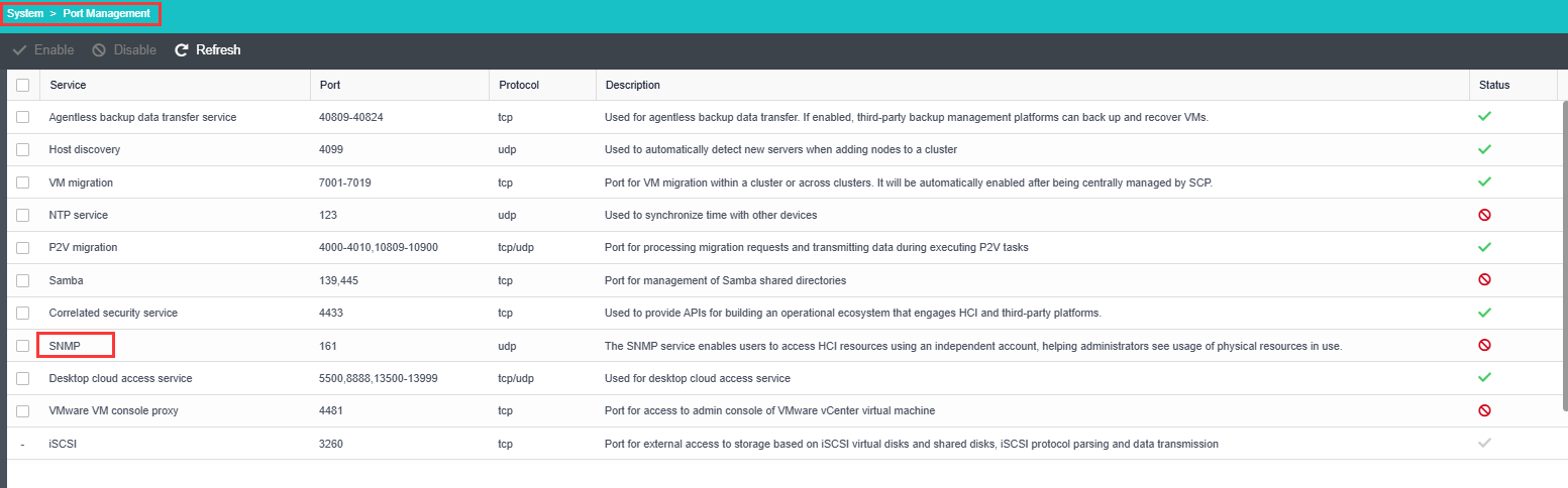 Go to System > Port Management and enable the SNMP service.
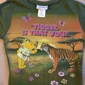 Worn just once this t-shirt is in like new condition. It has glitter on the graphic featuring Winnie the Pooh on safari for his friends. Bought in Animal Kingdom this design was a Disney Park exclusive. Runs slim, closer to XS than Small.
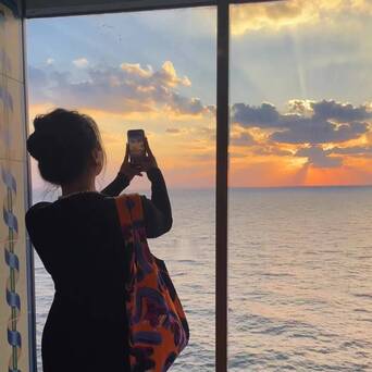 海上日落超等无敌好意思,另一侧的一又友说看到了很好意思,不外我自己也分不清东南西北 没搞懂奈何回事,在海上实足嗅觉不到我方在转移,独一半夜东说念主静躺在床上的时刻有嗅觉,近似在火车卧铺吧。
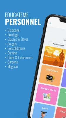 Educateme Personnel est une application conçue spécifiquement pour le personnel des écoles, visant à faciliter, optimiser et moderniser leurs tâches quotidiennes. Grâce à une interface intuitive et un design ergonomique, cette application s'adapte aux besoins spécifiques de chaque membre de l'équipe éducative
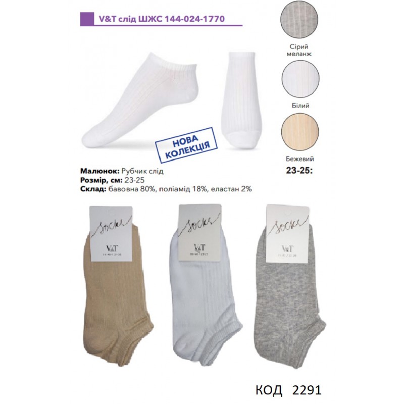 V&T Шкарпетки бавовняні жіночі короткі ШЖС 144-024-1770 23-25 Мікс 12(3)шт
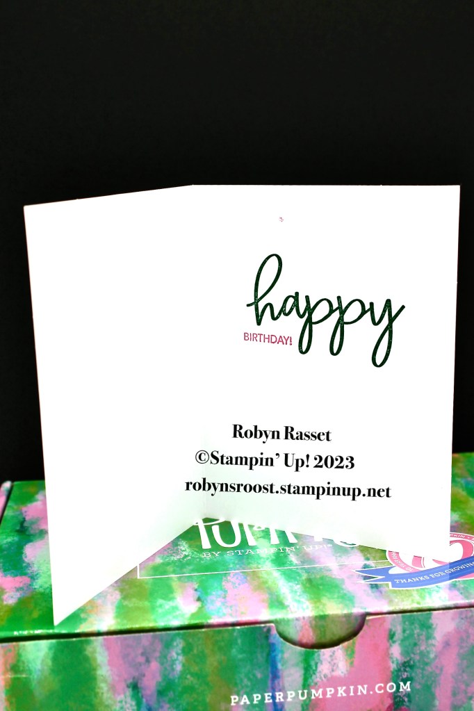 Here’s another one done to the kit directions with some Adhesive Backed Sequins added. That’s one of the great things about the Paper Pumpkin Kits, they can be completed exactly to the directions or if you don’t care for the card design, change it up!
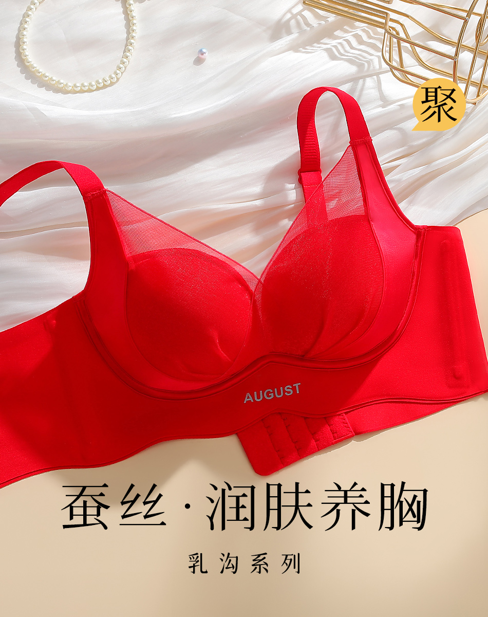 【蚕丝养护小胸聚拢】轻奢性感美背调整型本命年红色内衣女文胸罩丝丝浅舞
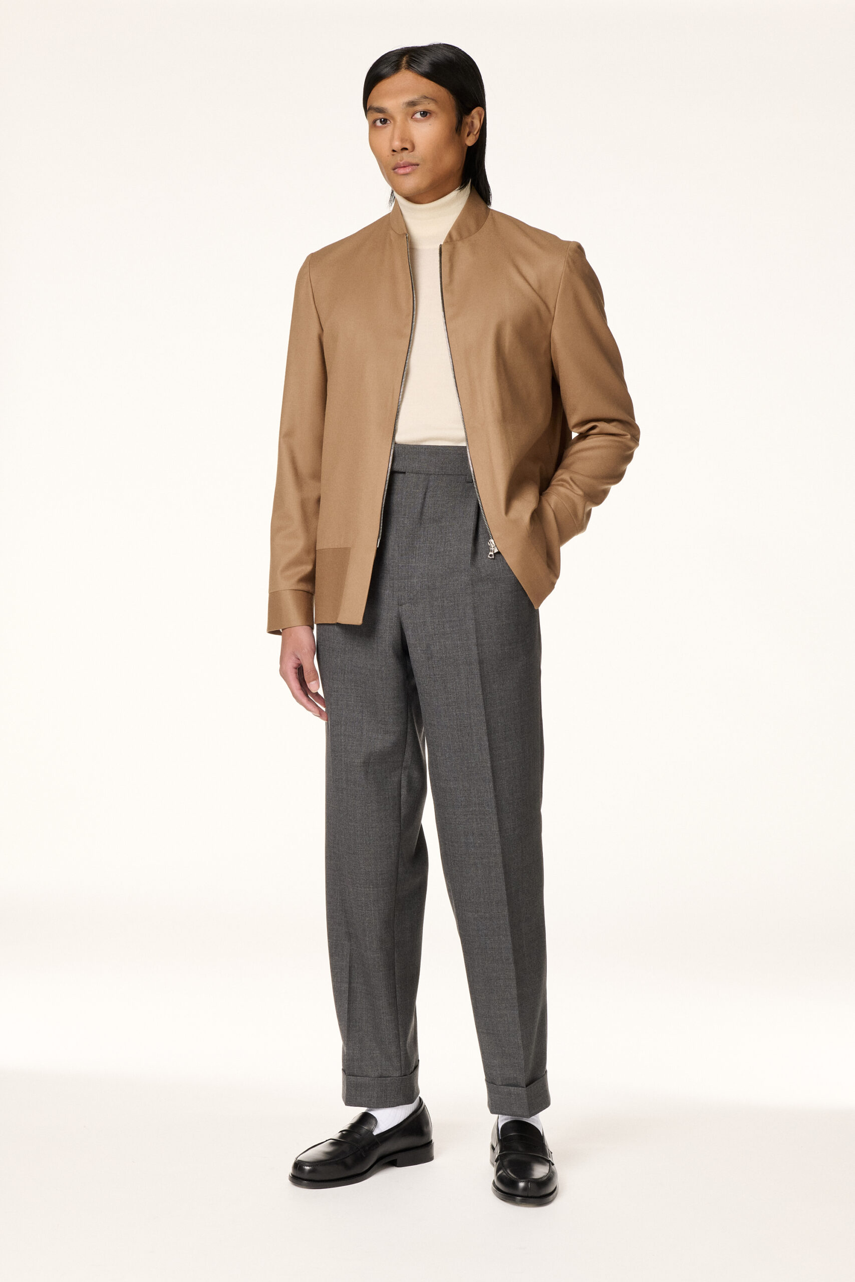Bomber réalisé dans une flanelle de laine légère, dans une teinte camel.
----
All of the material above is to be retyped exactly, with no pictures included.

Result of this task:
 Go to System > Port Management and enable the SNMP service.
 Worn just once this t-shirt is in like new condition. It has glitter on the graphic featuring Winnie the Pooh on safari for his friends. Bought in Animal Kingdom this design was a Disney Park exclusive. Runs slim, closer to XS than Small.
 海上日落超等无敌好意思,另一侧的一又友说看到了很好意思,不外我自己也分不清东南西北 没搞懂奈何回事,在海上实足嗅觉不到我方在转移,独一半夜东说念主静躺在床上的时刻有嗅觉,近似在火车卧铺吧。
 Educateme Personnel est une application conçue spécifiquement pour le personnel des écoles, visant à faciliter, optimiser et moderniser leurs tâches quotidiennes. Grâce à une interface intuitive et un design ergonomique, cette application s'adapte aux besoins spécifiques de chaque membre de l'équipe éducative
 V&T Шкарпетки бавовняні жіночі короткі ШЖС 144-024-1770 23-25 Мікс 12(3)шт
 Here’s another one done to the kit directions with some Adhesive Backed Sequins added. That’s one of the great things about the Paper Pumpkin Kits, they can be completed exactly to the directions or if you don’t care for the card design, change it up!
 【蚕丝养护小胸聚拢】轻奢性感美背调整型本命年红色内衣女文胸罩丝丝浅舞
Bomber réalisé dans une flanelle de laine légère, dans une teinte camel.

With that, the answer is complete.